The present invention relates generally to optical fibers and in particular to narrow linewidth high-power continuous wave or quasi-continuous wave fiber lasers and amplifiers.
Stimulated Brillouin scattering (SBS) is a limiting factor in the evolution of fiber lasers and amplifiers towards higher power and is also harmful to optical communications signals. Fundamentally, SBS is a nonlinear process that describes the scattering of laser light by a travelling hypersonic acoustic grating. As a by-product, Doppler-shifted scattered light, known as Stokes light, is generated. The interaction of the Stokes light with the laser light induces electrostriction in the medium and thus tends to re-enforce the acoustic wave. In an optical fiber, momentum conservation requires the Stokes light to propagate in the opposite direction as the laser light. It is well-known in the art that once a certain amount of optical power is coupled into or is generated in the fiber, significant backscattered Stokes light is produced causing the performance of the fiber to degrade. The SBS process is characterized by a gain spectrum that determines the SBS response of the medium to the pump frequency. Measurements in silica fibers have established a Brillouin shift of approximately 16 GHz and a linewidth of approximately 40 MHz at a wavelength of 1064 nm. The effective SBS gain can be diminished through the use of a broad linewidth seed laser. However, several important applications including coherent beam combination for directed energy purposes, harmonic generation, lidar, and gravitational wave detection require the use of high power narrow linewidth optical fiber amplifiers and lasers. Therefore, there is a need for techniques that mitigate the SBS process.
A commonly-used approximate formula to calculate the SBS threshold in optical fibers was proposed in 1972 by R. G. Smith in Applied Optics 11, pp. 2489-2494:Pth≈21 Aeff/gBLeff  (1)where Aeff is the optical effective area, Leff is the effective interaction length, and where gB is the peak value of the Brillouin gain. Therefore, The SBS threshold can be increased by decreasing the effective length of the fiber, increasing the effective area, or somehow manipulating the Brillouin gain in the fiber. The increase in the SBS threshold through the decrease of length is limited by the gain requirements in the fiber. Moreover, increased gain per unit length through the use of higher concentrations of rare earth elements is beset with problems associated with photodarkening and solubility limits. Much work has been done to increase the effective area of the fiber through the use of large mode area (LMA) fibers.

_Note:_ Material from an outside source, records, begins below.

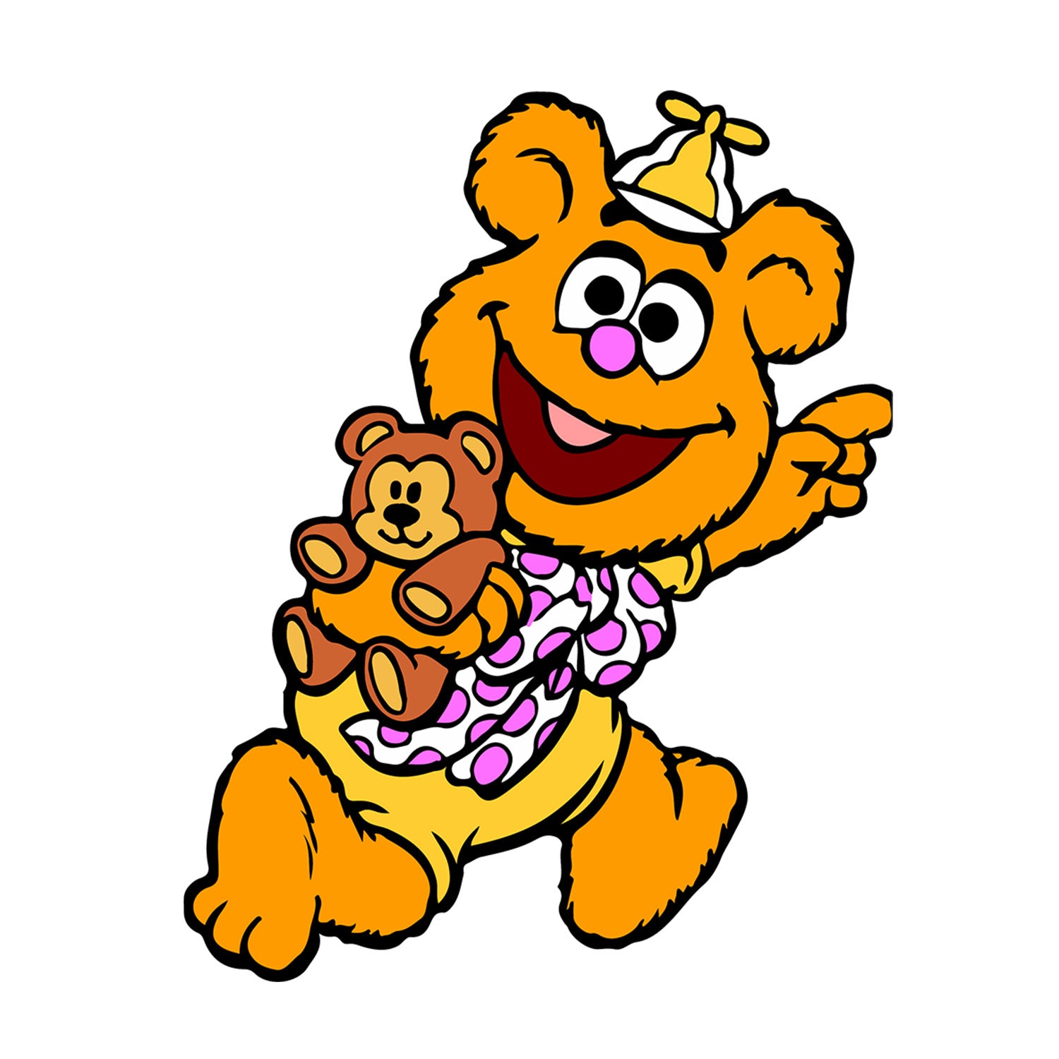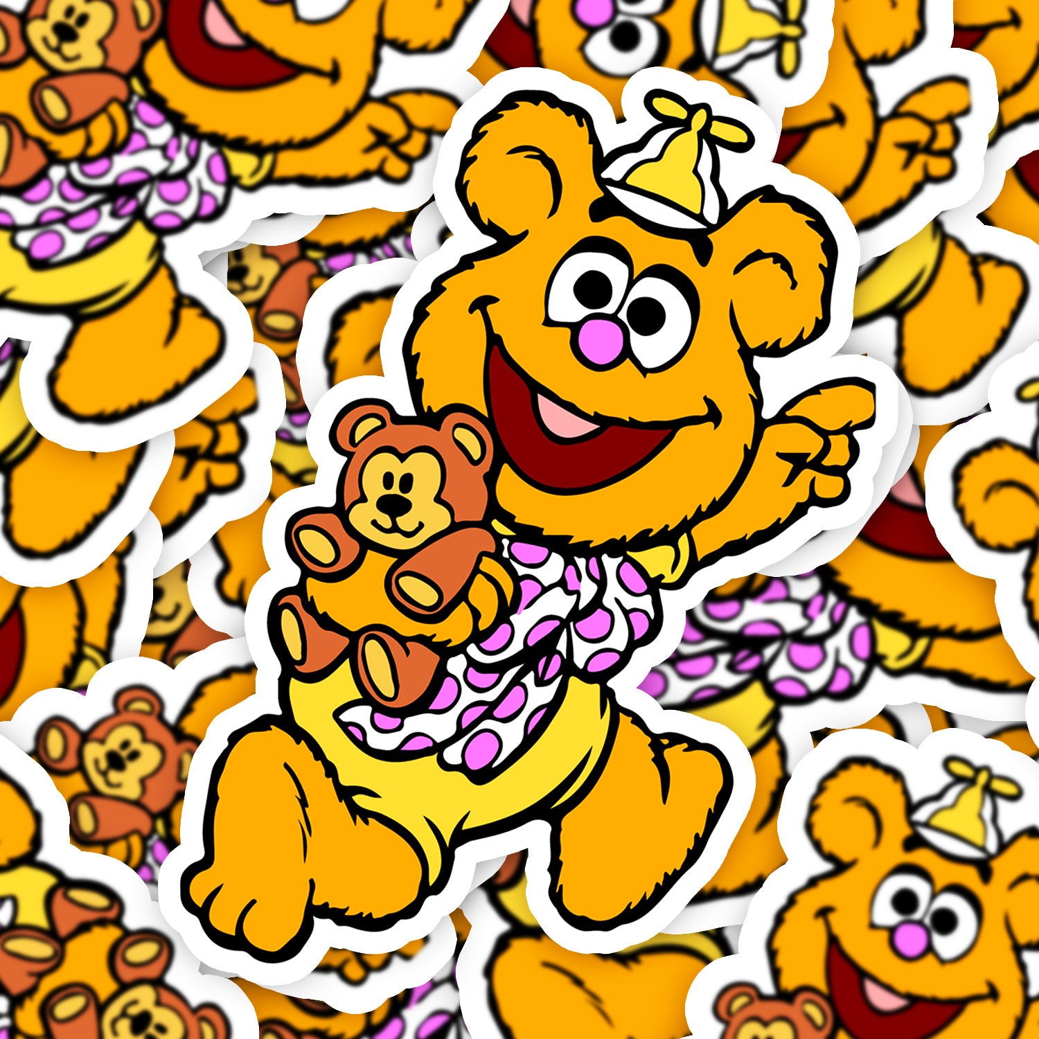 Set 5 bucati, Sticker decorativ, Muppets Fozzie Bear cu ursuletul de plus, Rezistent la apa, NO13325, 6 cm, Multicolor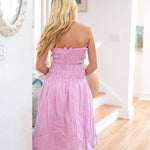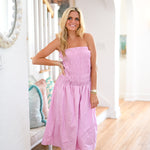 The Tori Smocked Midi Dress in Orchid is designed to brighten your wardrobe with its playful and flattering style. Its all-over smocked bodice offers a comfortable, curve-hugging fit, while the strapless design and flowing midi skirt provide ease and movement, making it an ideal choice for warm-weather days. This dress combines comfort and elegance to keep you feeling confident and stylish.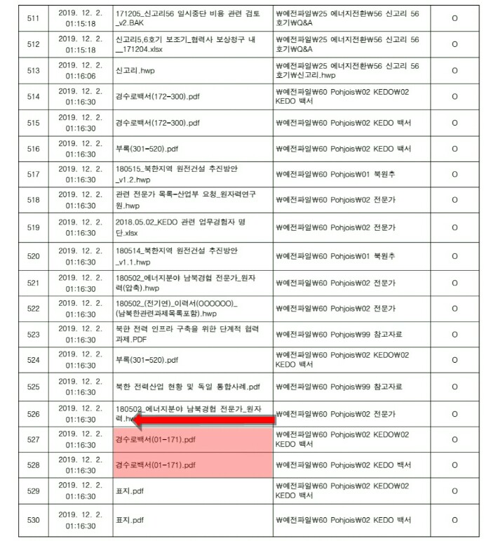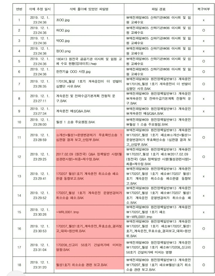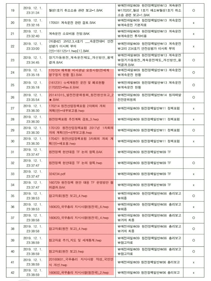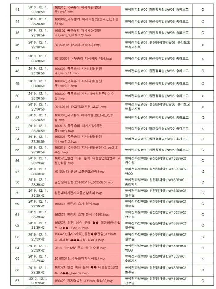 산업부 공무원이 삭제한 원전 관련 530개 문서에는 신규원전 추진 자료, 월성원전 1호기 수명연장 무효 소송에 패소한 박근혜 정부의 대책자료, 원전추진 논리자료, 산업부장관 출신 자유한국당 윤상직 국회의원 면담자료, 면담 후속조치결과 자료, 20대 총선 탈핵에너지전환 정책 대응 자료, 당시 황교안 국무총리 보고자료 등 온통 원전 추진 정책 자료라도 포함되어 있습니다.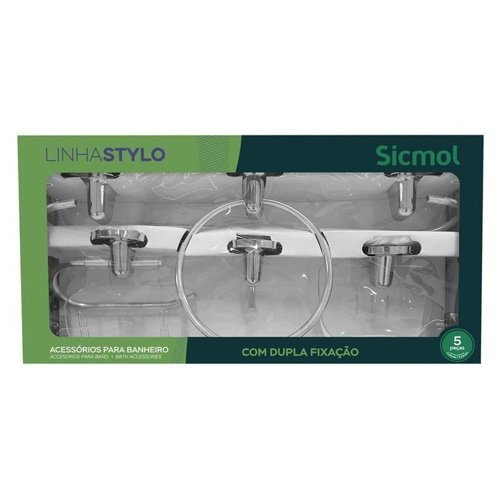A Sicmol é uma empresa com ''know how'' e tecnologia avançada na fabricação de móveis e acessórios para banheiro. A marca está presente no mercado desde 1988, contando com uma diversificada linha de produtos, pronta para atender as mais variadas necessidades de seus consumidores de móveis, acessórios e revestimentos.Quantidade de Peças: 5 | Cor: Prata | Acabamento: Cromado | Peso (kg): 0,285 | Referência do Produto no Fornecedor: 1533 | Tipo de Fixação: Acompanha parafusos e bucha para Fixação | Produto: Kit para Banheiro Stylo com 5 Peças | Informações Adicionais: Informações e dados são de responsabilidade do fornecedor. | Local Indicado: Banheiro | Linha: Stylo | Marca: Sicmol | Dimensões Aproximadas do Produto com Embalagem (cm) - AxLxP: 8 x 23 x 45 cm | Conteúdo da Embalagem: 1 Cabide, 1 Saboneteira, 1 Papeleira, 1 Porta Toalha Rosto, 1 Porta Toalha Banho | Garantia (Mês): 60 | Material: Alumínio Maciço com Acabamento em ABS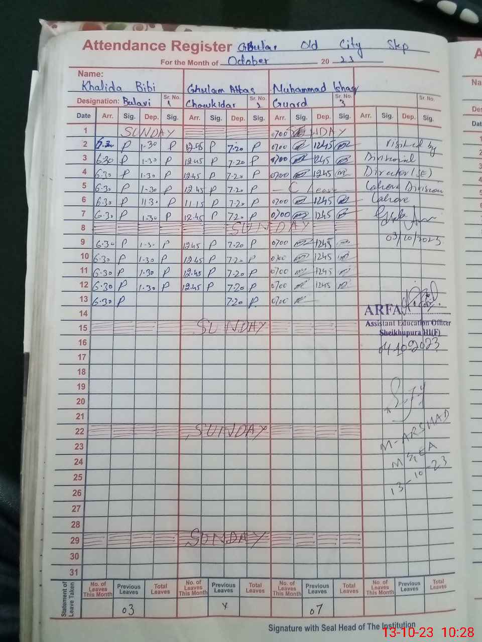 | Name: AQ**** AN**** Designation: (School Headmaster's/Headmistress's) SST PHY Phone/Cell Number: 03**** |

While conventional LMA fiber designs have been successful in delivering single mode power outputs exceeding 100 watts, there is general agreement that new approaches are required for further enhancement is of the power.

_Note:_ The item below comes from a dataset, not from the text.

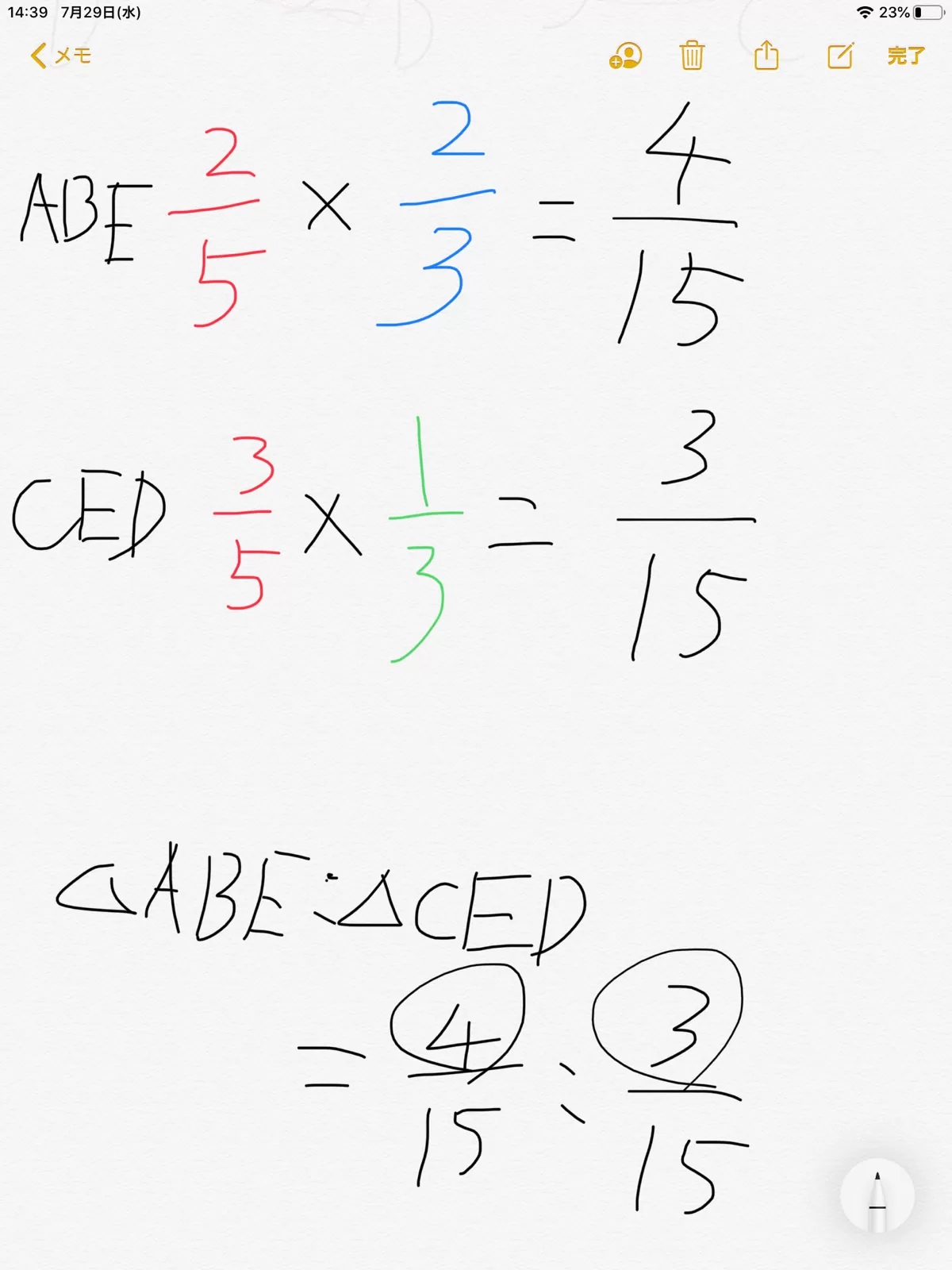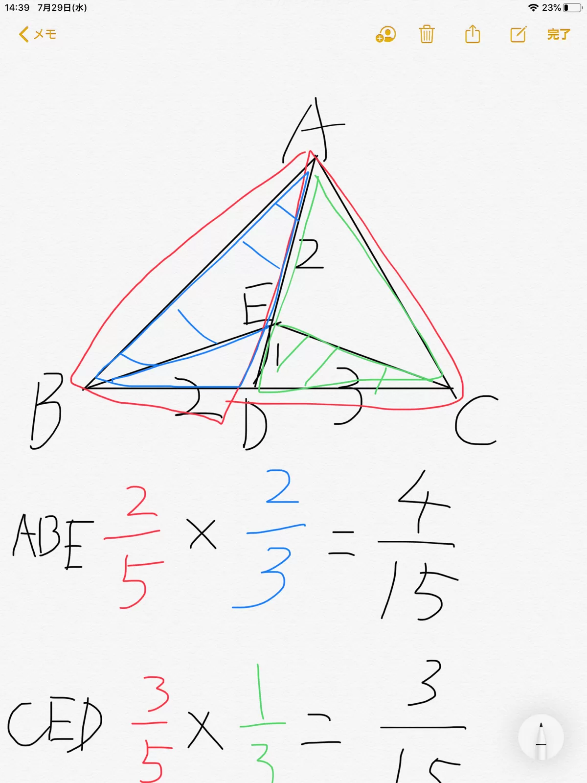 自分も上の人と同じ4:3になったのでやり方違うかもしれませんが、説明します。まず、🔺BDEと🔺CDEを見ます。そうするとEDが共通なので高さを比べ🔺CDEれば分かります。そうすると🔺BDE:🔺CDE=BD:DCより 2:3…①となります。次に同じ作業を🔺BDE:🔺ABEで行います。自分でやってみてください(分からなかったら連絡下さい👍)そうすると🔺BDE:🔺ABE=1:2…②が出てきます。①、②より🔺BDEが共通なので、比を合わせてあげると、4:3が出てきます。こんな感じです。まだ分からなかったら連絡下さい👍お互い勉強頑張りましょう❗️

A variety of experimental efforts have been attempted or proposed to reduce the SBS threshold through the manipulation of the SBS gain via the fiber doping profile (e.g. U.S. Pat. Nos. 7,130,514 and 7,167,621). In U.S. Pat. No. 5,851,259 by Clayton et al., the SBS threshold is reduced by introducing a modulation in the tension applied to the fiber during the draw process. This idea was expanded on in U.S. Pat. No. 6,542,683 by Evans et al. as a permanent, non-uniform stress is imparted to the fiber core through non-uniform thermal expansion and viscosity profiles. The latter inventor shows that a simple modulation of tension during the draw process leads to a marginal increase in the SBS threshold. The technique is limited by the fact that a change in the draw tension leads to a change in the fiber diameter. The latter inventor did not envision a fiber which could be manufactured with polarization maintaining properties.

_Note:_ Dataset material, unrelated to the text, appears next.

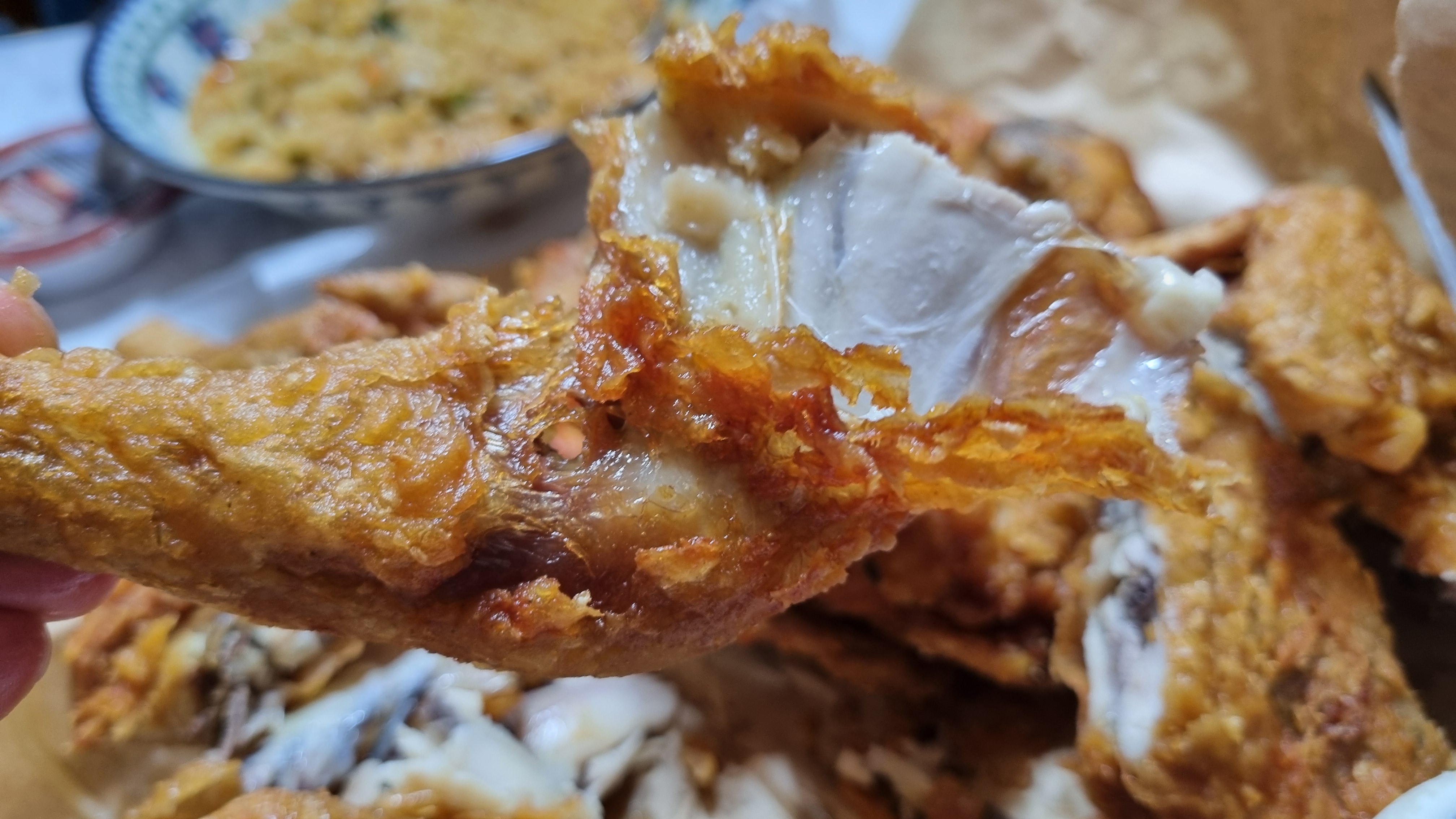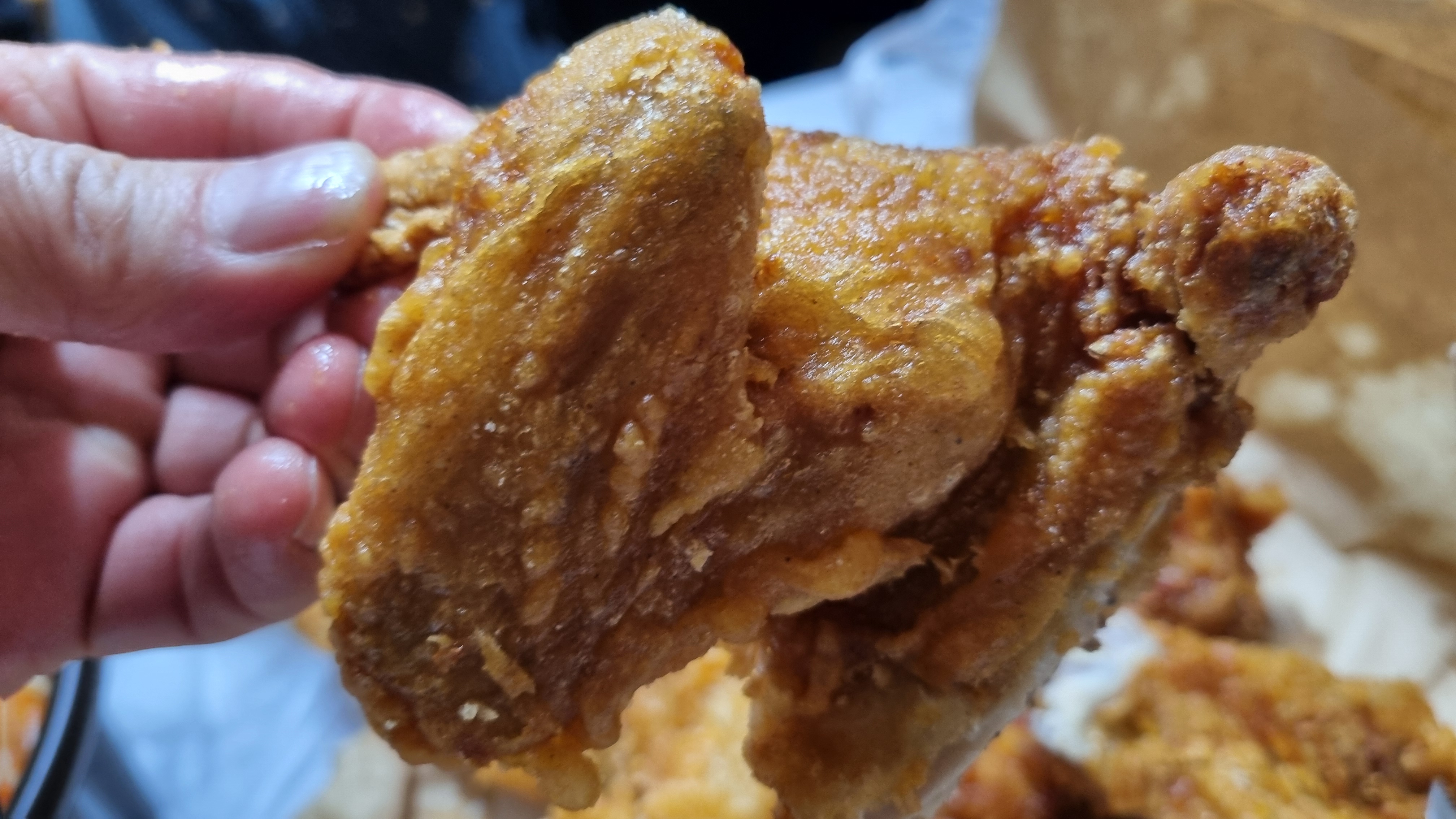 아주 바삭하게 튀겨지고 보기에도 아주 맛있게 보이겨 후라이드이지만 기본양념이 되어 있어 아주 살짝 매콤한 맛이 있어 더 좋은데 초등생들도 먹을 수 있는 수준입니다.

In 2004, Wessels et al. reported in Optics Express 12, pp. 4443-4448 on a 72 m-long fiber amplifier pumped with two seed lasers. The two seed signals were separated by twice the SBS shift. The Stokes generated light from one laser signal coupled into the second laser light, allowing the first laser signal to grow to twice the power level of a single seed amplifier. One significant drawback of this technique is the requirement that the two seed signals have to be precisely tuned. Another significant drawback is that at such a small frequency separation, a parasitic process known as four-wave mixing (FWM) is prominent, leading to the generation of several frequency sidebands. This broadening of the optical power spectrum precludes the application of this method to fiber laser applications that require well-defined spectra such as coherent beam combining.
While some of the foregoing patents and applications may describe techniques that can lead to improvement in the power output of narrow linewidth amplifiers, each can have limitations. Accordingly, there remains a need in the art for new methods that address prior deficiencies.